── Collected data ──
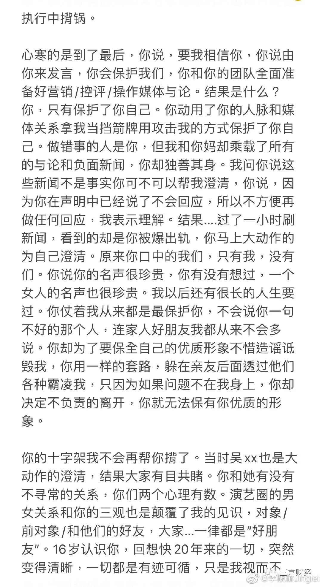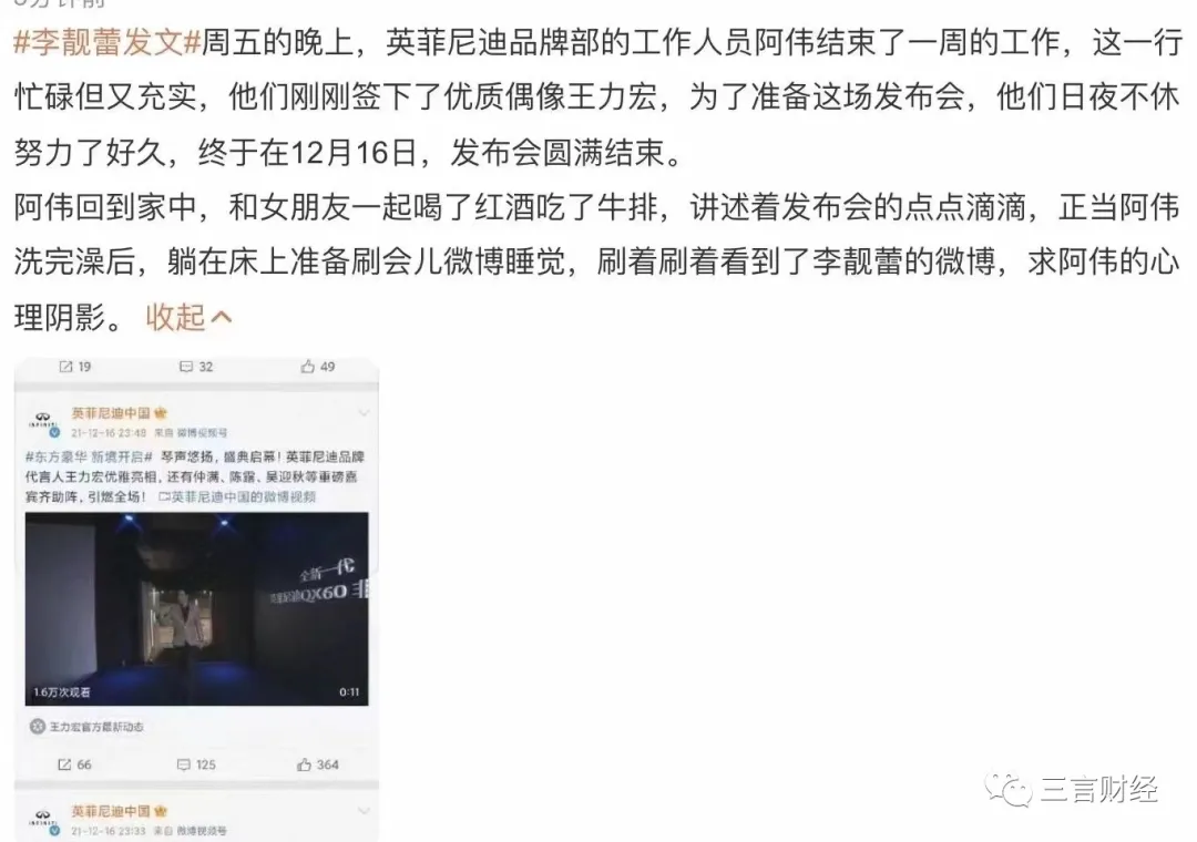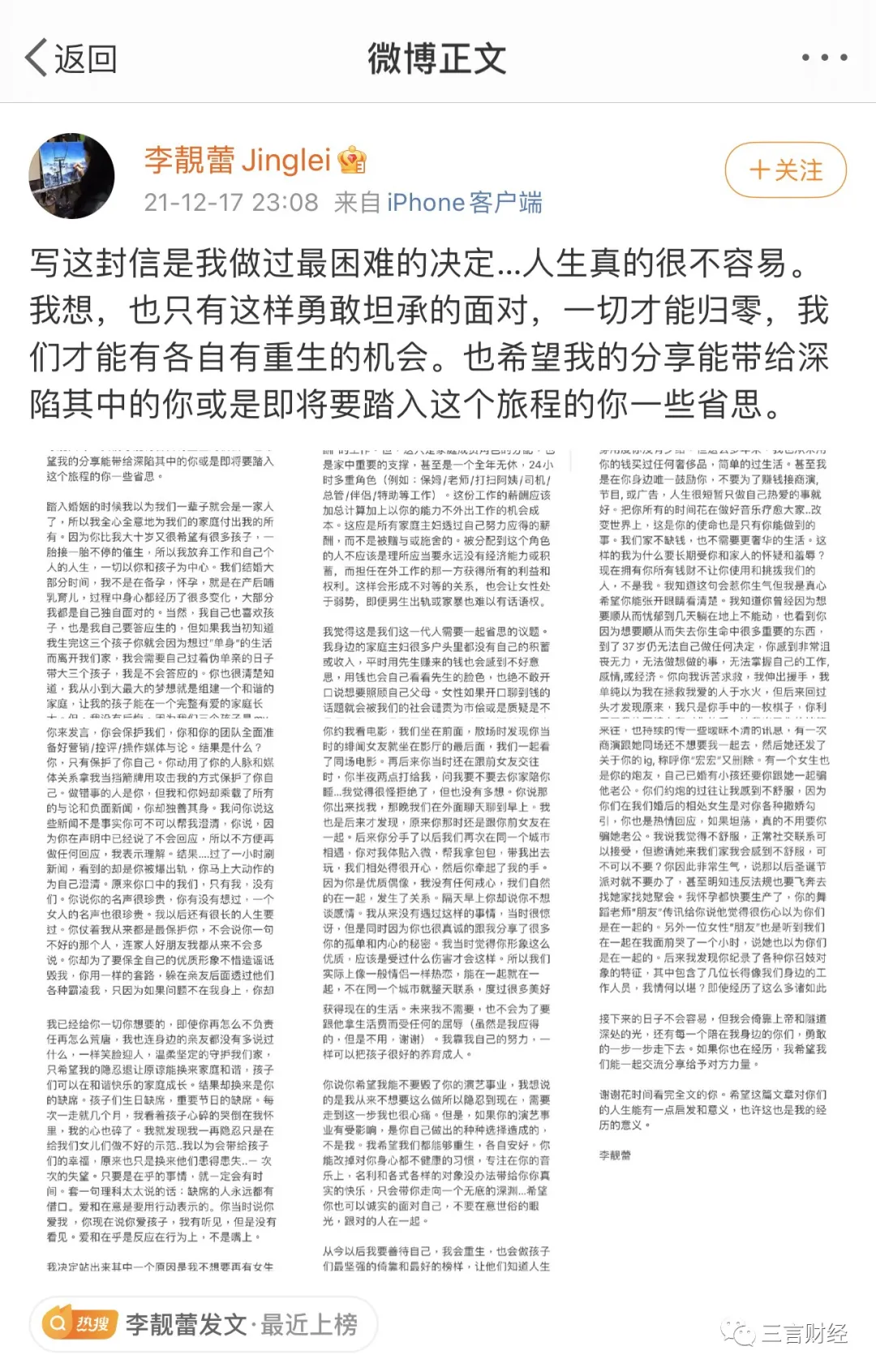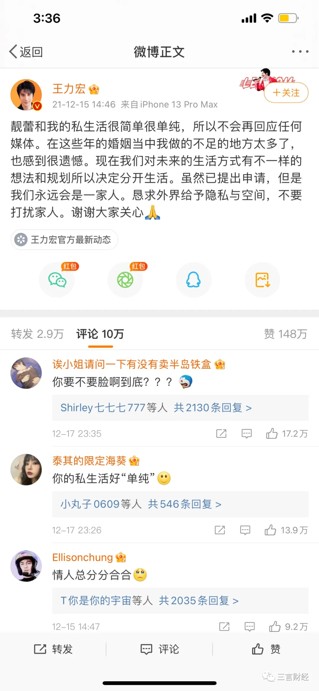 三言財經凌晨消息(文/迪麗冷巴) 小編起夜發現手機被各種push彈窗,《王力宏被前妻李靚蕾長文控訴出軌》,羣裏各種討論“他她、娃哈哈、xrx”等等。
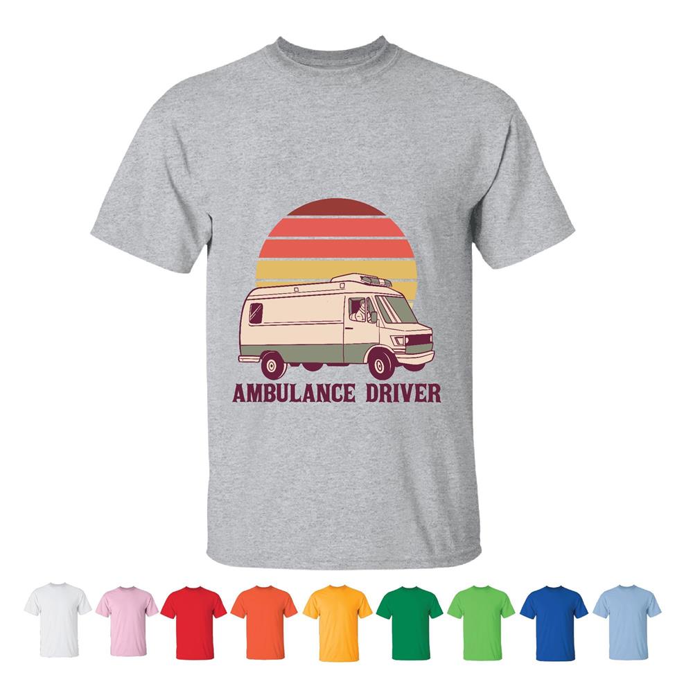 Retro Ambulance Driver Gift for Medicine Healthcare Professionals Men Women White Gray T shirt
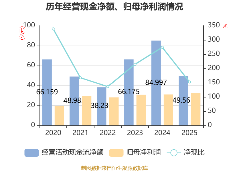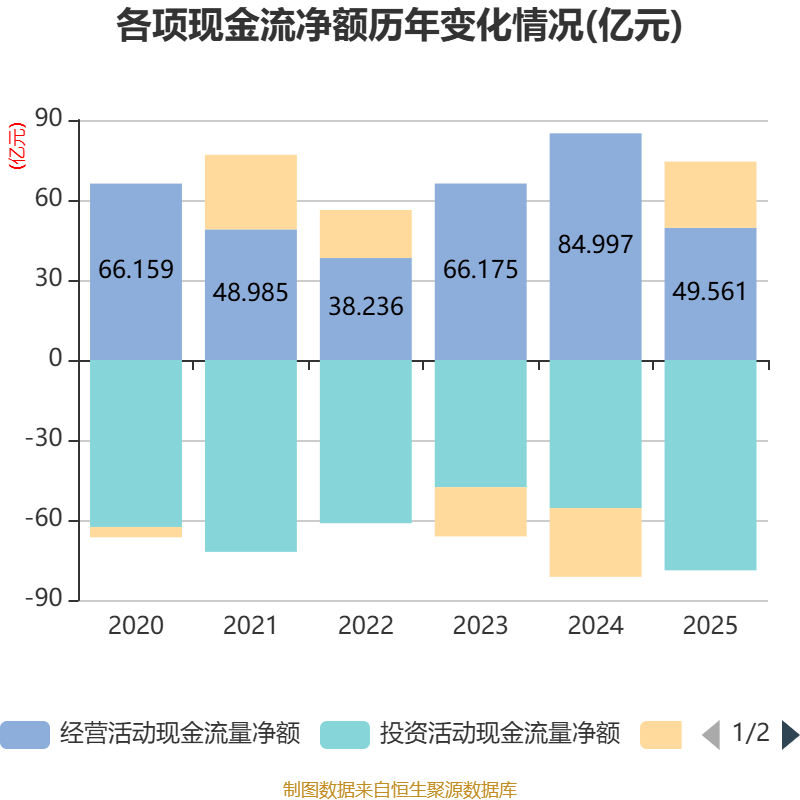 截至2025年,公司经营活动现金流净额为49.56亿元,同比下降41.69%;筹资活动现金流净额24.84亿元,同比增加50.64亿元;投资活动现金流净额-78.88亿元,上年同期为-55.5亿元。
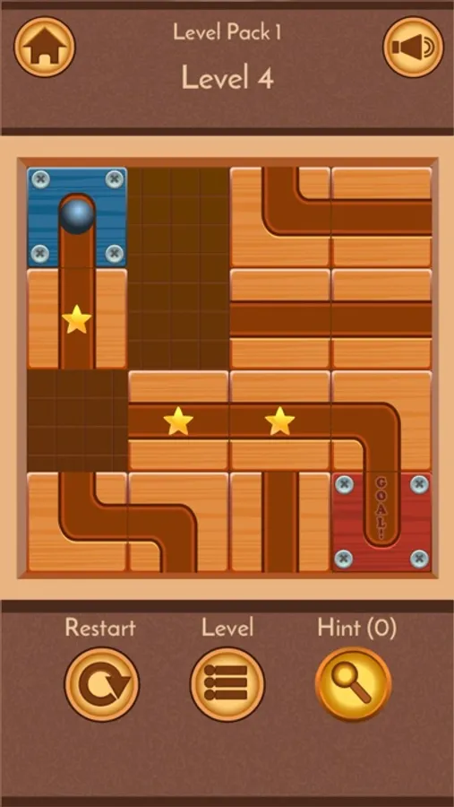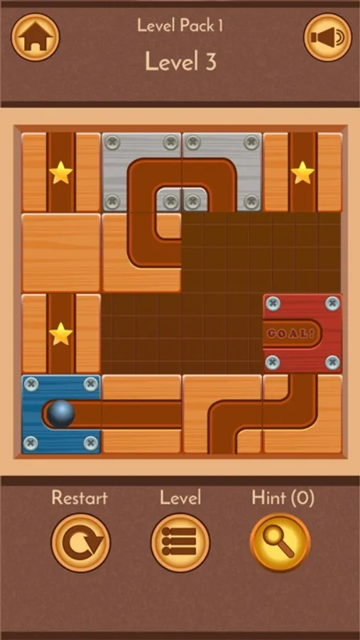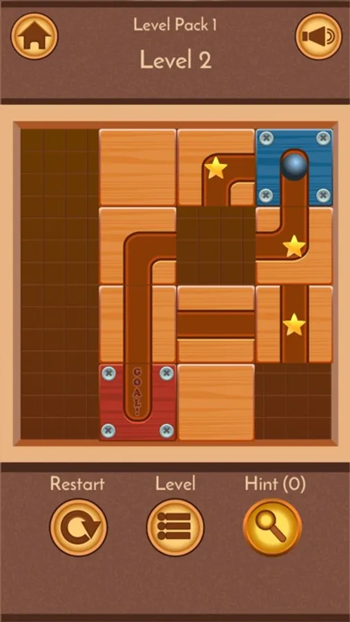 "Save The Ball, Wooden Maze" is a classic with a modern challenging twist. Slide tiles to create a connecting path for the ball to roll to the goal. Set a new record by earning the perfect 3 Star. Slide the block and find the ways for a ball roll to the goal. There are many blocks that can take a ball roll to the goal. Try to use the star's block in the way of the ball rolling. You'll get the best score! Don't miss the best brain teasers puzzle.
───
Goal of the exercise: Please take the lines from the beginning of the data above through the line holding "截至2025年,公司经营活动" and transcribe them exactly, without any pictures.

Result of the exercise:
 三言財經凌晨消息(文/迪麗冷巴) 小編起夜發現手機被各種push彈窗,《王力宏被前妻李靚蕾長文控訴出軌》,羣裏各種討論“他她、娃哈哈、xrx”等等。
 Retro Ambulance Driver Gift for Medicine Healthcare Professionals Men Women White Gray T shirt
 截至2025年,公司经营活动现金流净额为49.56亿元,同比下降41.69%;筹资活动现金流净额24.84亿元,同比增加50.64亿元;投资活动现金流净额-78.88亿元,上年同期为-55.5亿元。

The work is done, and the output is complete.